毎週日曜日の朝刊に掲載されていたことから、「今日の話はいいねぇ」とか「泣けるよ~お父さんも読んでみて」などと家庭で話題になっているという声をよく耳にしました。また、小・中学校の先生方からは、「道徳やホームルームの時間に活用しています」というお便りも。生徒さんの感想文を送って下さる先生もいらっしゃいました。

このコラムの連載が始まるとき、編集者さんから二つの点をお願いされました。一つは「投稿者が主役で実名」であること。

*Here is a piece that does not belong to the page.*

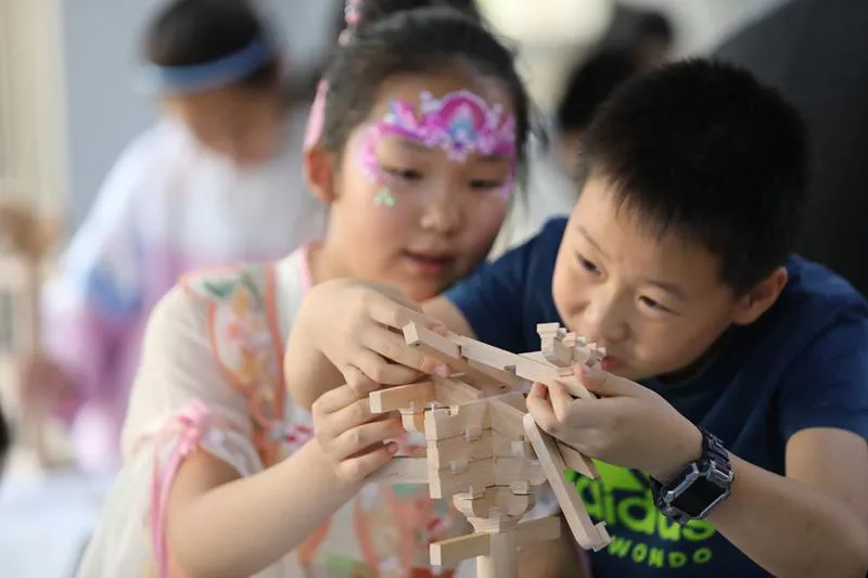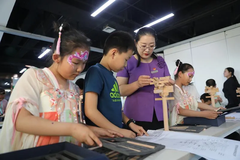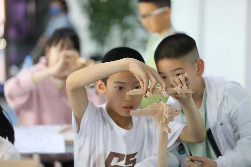 在古建小課堂斗拱搭建中,省博物院老師選取中國古代建筑最關(guān)鍵也是最有特色的斗拱為原型,指導同學們制作了五臺山佛光寺唐代斗拱模型。不僅可以了解山西古代輝煌燦爛的建筑文化,還可以親自動手,體驗唐代斗拱的搭建,感受古代木作匠師的智慧,增進對中國古代建筑文化的了解。

いま一つは、「物語性を重視し教訓話にしない」ことです。ときどき、匿名希望の投稿をいただきます。新聞に自分の名前が載るのは恥ずかしいと思われる方も多いでしょう。そんな時には、「実名の記載が決まり事であること」を説明し、「できましたら名前を書かせていただけませんか」とお願いします。もちろん、ご本人の意に反しない範囲で。

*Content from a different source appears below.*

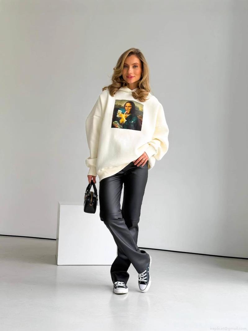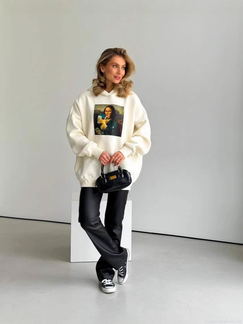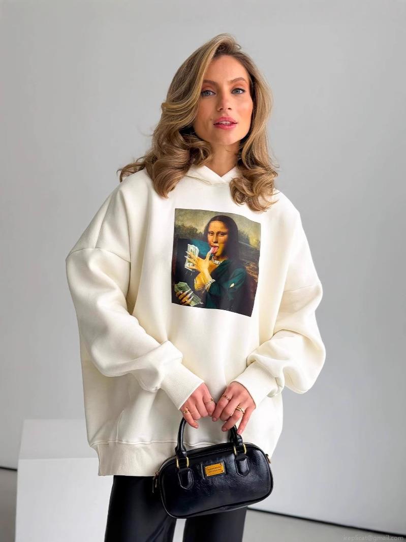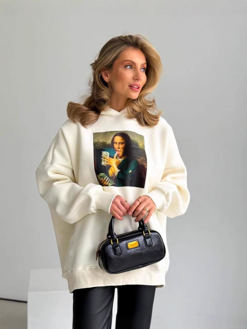 • Women's Oversized Hoodie Funny Mona Lisa Graphic Print Long Sleeve Hooded Sweatshirt Cotton Blend Streetwear Cream White Casual Pullover Top

そのため、すべてが実名入りの「実話」です。「事実は小説より奇なり」と言います。実話だからこそ、心の奥底にジーンと沁みます。
読み手は、自分の人生と照らし合わせて、共感します。主人公の立場に成り代わって涙することもあるでしょう。「先日の話、感動しました。私にも同じような体験があります」と、感動の連鎖が起こり、またまた投稿が寄せられます。

ところで、人はどういうときに感動するのでしょうか?
「いい話」って、どんな話なのでしょうか?

7年間の連載を通じて、「感動いい話の法則」を見つけました。それは、「○○なのに○○だ」という意外性です。分かりやすい例で言うと、「小柄なのに大リーガー」。そう、イチローのことですね。誰が、これほどまでにイチローの活躍を想像したでしょう。期待はしていたけれど、期待を大きく上回る活躍が感動を生んだのです。同じように、「子どもなのに○○」「目が不自由なのに○○」「犬なのに○○」「お年寄りなのに○○」「他人なのに○○」。つまり、相手に全く期待していないときに、意外なことが起きた場合に人は感動するのです。

そしてもう一つの法則。

それは、「ピンチに天使の登場」です。
人は誰にでも悩みがあります。人生は成功することよりも、失敗することの方が多い。病気やけが、受験や就活の挫折、家族や友人との別れなど、人生のほとんどが失敗やトラブルの連続でしょう。 そんな辛い状態のとき、サッと目の前に手を差し伸べてくれる人がいる。そうです。ピンチに遭ったとき、天使が現れた瞬間です。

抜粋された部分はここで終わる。